Los trastornos mentales son un caso aparte en la medicina, cuando no deberían serlo. Las llamamos enfermedades asumiendo que son dolencias con sus mecanismos biológicos, tratamiento y prevención, pero no nos lo acabamos de creer. Hay todo un abismo de olvido y negligencia que separa la atención de las enfermedades somáticas y las mentales. Las instituciones sanitarias y de investigación no parecen ser conscientes de que las enfermedades mentales son la primera causa de discapacidad en el mundo. El presupuesto para estudiarlas, tratarlas y prevenirlas es ridículo respecto al de otras enfermedades, incluso en los países desarrollados. Ahora mismo hay, según la OMS, 300 millones de personas con depresión en el mundo, y la mayoría no recibe tratamiento alguno, ni siquiera en los países ricos. Cada año se suicidan 800.000 personas, el 75% de ellas en países de ingresos medios y bajos, y muchas como consecuencia de un trastorno mental o por abuso de sustancias.

Claramente no es lo mismo sufrir una enfermedad mental que cualquier otra, como bien saben los afectados y familiares de una persona con esquizofrenia, trastorno bipolar, autismo o depresión. No es lo mismo hablar del riego sanguíneo y el corazón que hacerlo de la mente y el cerebro. Sin embargo, si la ciencia rechaza la dicotomía cuerpo-mente, ¿por qué las enfermedades mentales no son abordadas como las demás dolencias? La complejidad del cerebro es una razón poderosa, pero no la única ni la más importante. La psiquiatría no acaba de ser reconocida por mucha gente como una especialidad médica más, entre otras cosas porque muchos ignoran que los trastornos mentales pueden tratarse y prevenirse. Y esto solo contribuye a la marginación, el olvido y el silencio.

Pero quizá el silencio más grave y revelador sea el mediático. En los medios de comunicación, las enfermedades mentales están infrarrepresentadas, con excepción del alzhéimer. Un informe de del Science Media Centre británico de 2010 llamaba la atención de que la cobertura mediática de las enfermedades mentales no se corresponde con su importancia ni es comparable a la de otras dolencias de gran impacto social como el cáncer. Asimismo, el tono informativo adoptado tiende a ser negativo más a menudo, con una gran proporción de noticias que relacionan la enfermedad mental con incidentes violentos o delictivos. La información sobre los tratamientos farmacológicos tiende a ser, además, menos equilibrada que en otras áreas de la medicina, quizá porque la psiquiatría es la especialidad con más conflictos de intereses y mayor intervención de la industria farmacéutica. Ni siquiera las enfermedades raras tienen un tratamiento informativo tan desafortunado y desajustado respecto a su relevancia.

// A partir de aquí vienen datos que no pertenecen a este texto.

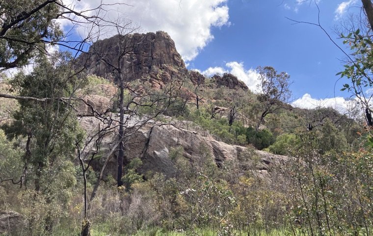 But we saw Coonabarabran through a different lens. This is where the family lived, for generations. The former houses have since been replaced or stand as ruins. On our first day we walked around Timor Rock — a massive formation opposite the old farm where my Australian mother-in-law’s grandfather lived. As a kid, she was never allowed to walk around Timor Rock, which is precisely why she does it now. So the entire extended family set off bushbashing through the scrub. There was no path. What there was, was a large kangaroo that had apparently just managed to drag itself into the dense undergrowth after being hit by a car. It reared up one last time at the approaching group of hikers, then collapsed with a heavy groan.
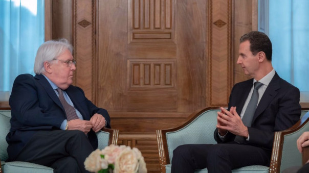 Президент Сирии Башар аль-Асад и с заместитель Генерального секретаря ООН по гуманитарным вопросам Мартин Гриффитс (Дамаск, 13 февраля 2023)
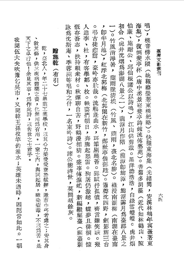 施乾築愛愛寮於艋舺,作為乞丐救濟收容之處 劍花室詩集 台灣文獻史料叢刊 -
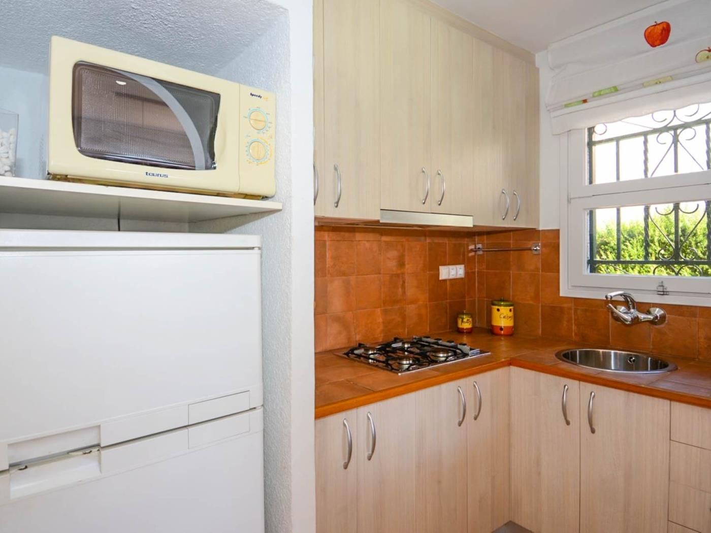 La maison dispose de 2 chambres, d’un séjour confortable avec télévision à écran plat et d’une cuisine équipée avec réfrigérateur et micro-ondes. Elle comprend également la climatisation ainsi qu’une salle de bain avec bidet.
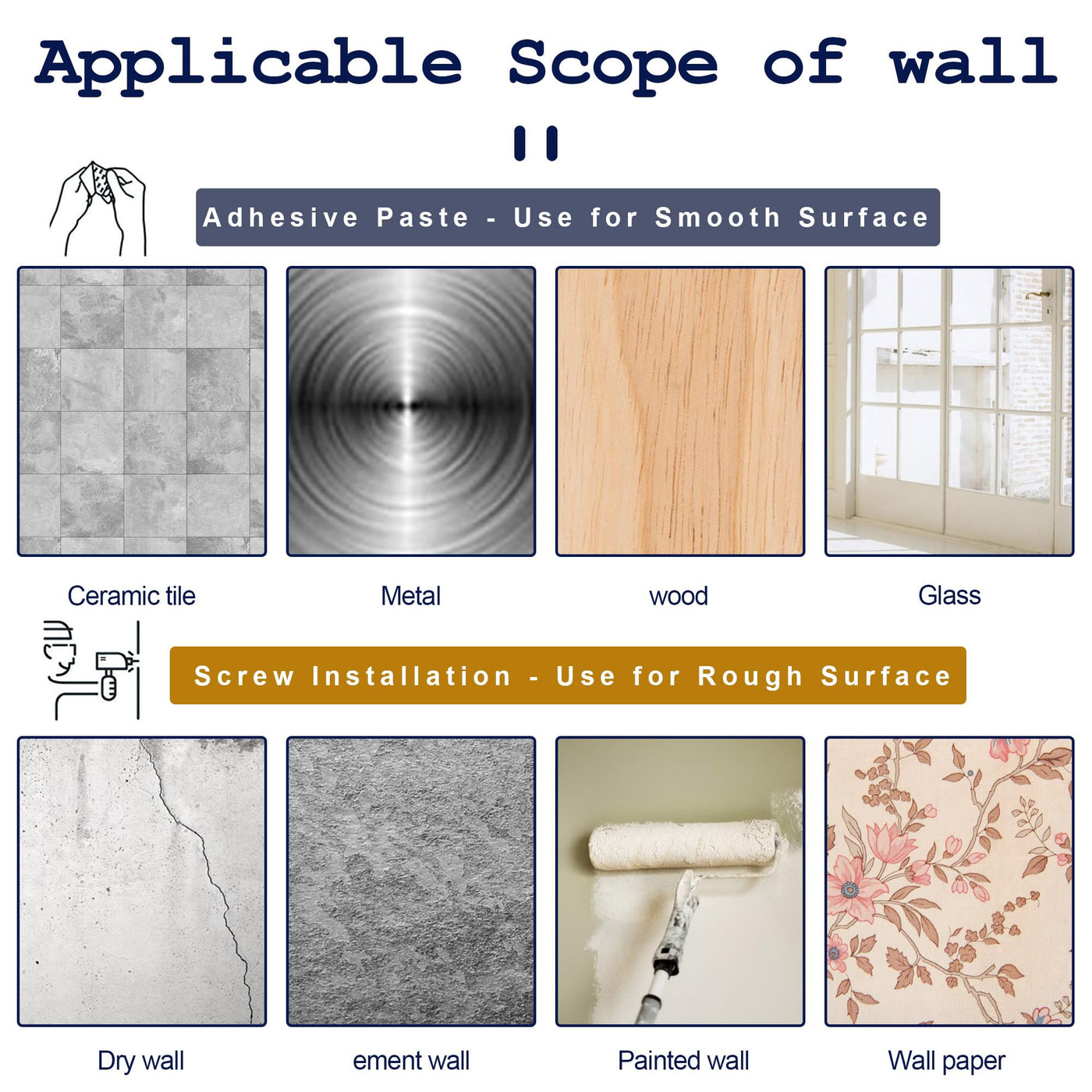 - 【Wide Range of Uses】This adhesive curtain rod holder works great on smooth surfaces like glass, tile, marble, and stainless steel. For textured surfaces like drywall, concrete, or painted walls, use screws for a secure hold
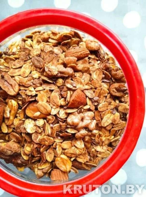 12.00 С НДСГранола - это запечённая смесь из овсянки грубого помола, сухофруктов и орехов. Она не содержит сахара, всю сладость ей придаёт мёд или банановое пюре.
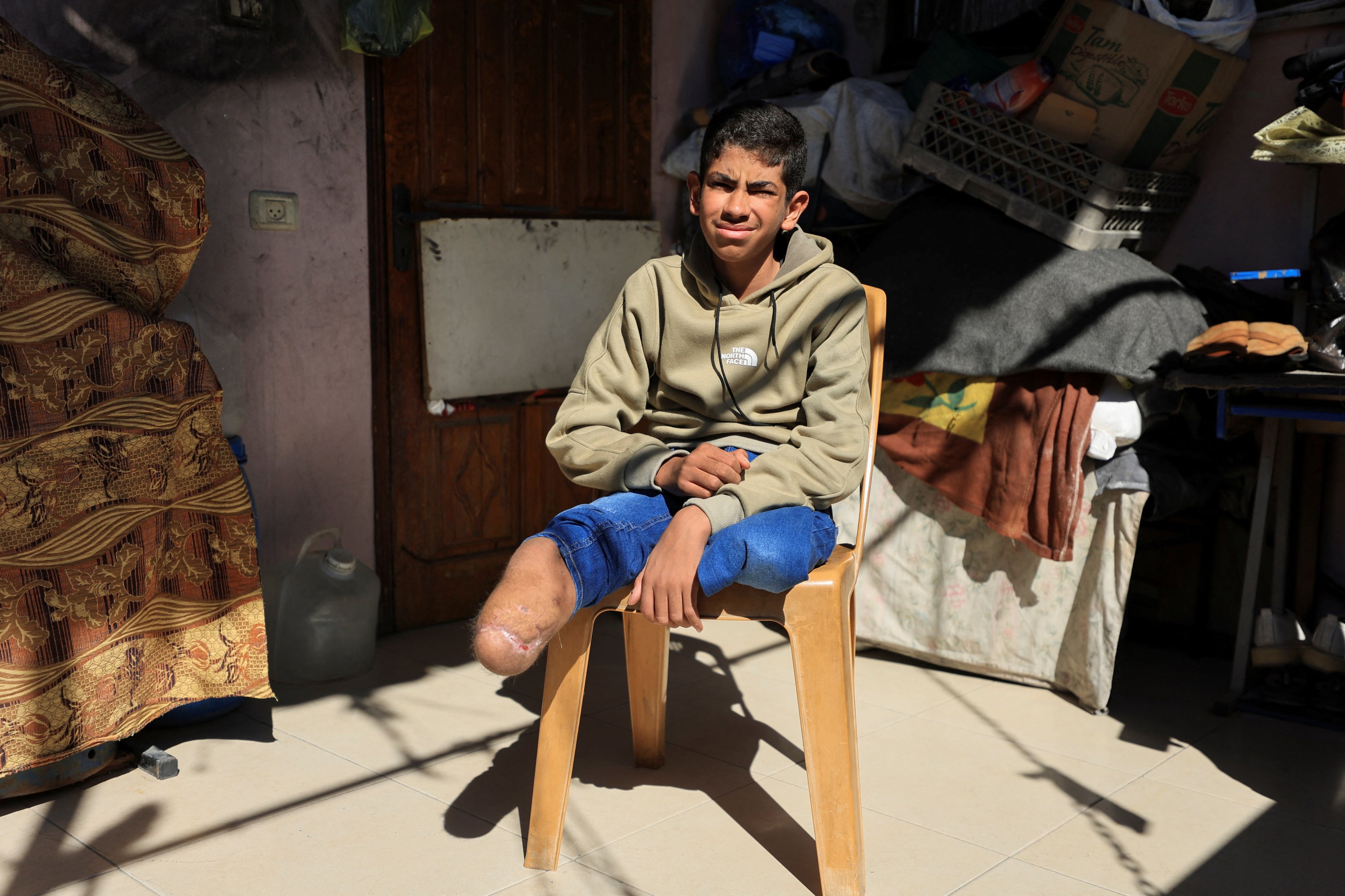 Fourteen-year-old Fadel al-Naji used to be a keen footballer but is now largely confined to his home in Gaza City since both legs were severed in an Israeli drone attack in September. He sits sullenly on a couch with one hollow pant leg dangling and the other tucked into his waist beside his 11-year-old brother, who lost an eye in the same strike.

Estamos marginando la salud mental y todavía no hemos caído en la cuenta. Es como si no quisiéramos enterarnos de que una de cada cinco personas sufrirá a lo largo de su vida una enfermedad mental y que la mitad de los casos debutan antes de los 14 años. Según la OMS, el presupuesto de sanidad dedicado a la salud mental es el 5% en los países ricos y el 1% en los más pobres. En algunos, con solo un psiquiatra por cada millón de habitantes, los malos trataos y la violación de los derechos humanos de los enfermos no son infrecuentes. La precariedad favorece y agrava los trastornos mentales, que son, a su vez, un factor de riesgo del sida, la diabetes y otras enfermedades. La medicina y la sanidad tienen una gran deuda pendiente con los enfermos mentales, pero para solucionarlo hace falta el concurso de la ciencia, los medios y la sociedad entera. Urge sacar a la salud mental del silencio y la marginación, como ya se hizo en su día con el cáncer.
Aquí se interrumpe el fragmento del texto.